Avant Silence, il y a une préface grandiloquente et poétique, qui annonce un truc tellement grandiose que l'on peine à y croire.
Puis vient le dessin. Un noir et blanc sec ou sévère, le paysage donne froid, la campagne semble morte. Les traits des visages sautent ensuite aux yeux ; ceux de Silence, simples et anguleux, comme sa gentillesse, originée par son idiotie sans parole. Il pense avec des fautes d’orthographes phonétiques, c'est étrange. Les villageois eux sont bourrus, fatigués - les lignes encrées donnent corps à leurs personnalités.

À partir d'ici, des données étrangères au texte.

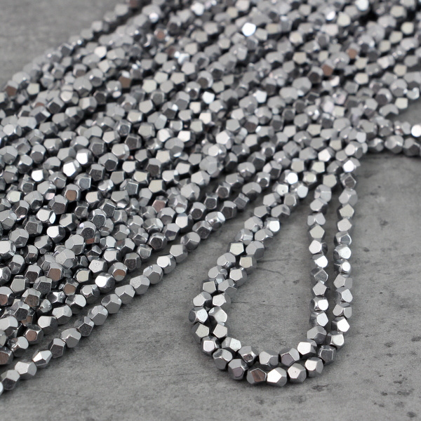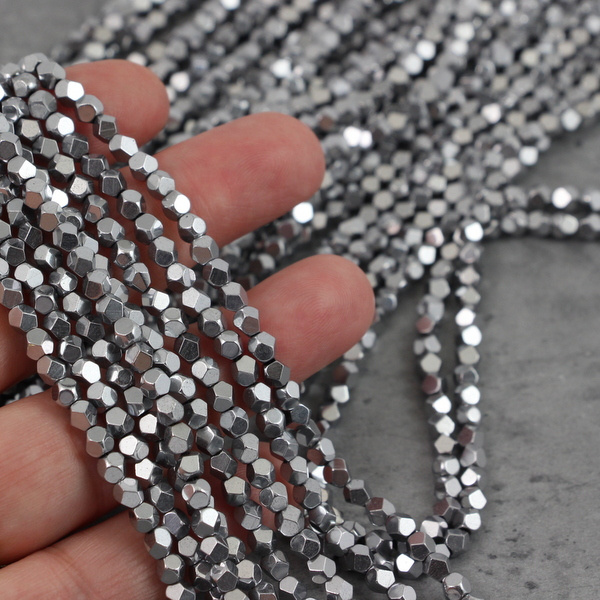 Hematyt srebrny kula grubo fasetowana 4mm [sznur 40cm]

Puis vient l'histoire. Dès le deuxième chapitre, lors d'une nuit orageuse (magnifiée par ce noir et blanc qui s'inverse à la lumière des éclairs), une sorcière étrange vient à la rencontre de Silence. Le muet débile et la dame aux yeux brûlés, quelle rencontre ! Des secrets se révèlent dans un théâtre de guignols, au creux d'histoires d'amours interdits ayant pour protagonistes des gitans en fuite de la guerre - la sorcellerie fantastique fait acte de vengeance terrible.
Mais Silence est gentil, il ne comprend rien. Au milieu de ces sombres conflits, Silence est le témoin de la bêtise humaine, celle des "intelligents" qui savent ce qu'est la haine, qui ont le meurtre au bout des doigts.
On ressent la sensibilité de Comès à l'étrangeté radicale de l'autre et ses effets de crainte chez les "normaux" ; en plus des gitans, des sorciers et de le bouffon du village, l'auteur nous emmène dans un asile - "Fou !... Oui, il est fou... Comme nous tous !... Enfermés dans notre différence comme dans une immense solitude... L'incompréhension est l'alibi du "sage"... ça lui permet de dormir !" - et dans un cirque - "Les derniers vrais poètes, amoureux de la sciure et de l'odeur du crottin !"
La fin, inattendue, est tragique et poétique - la préface avait raison.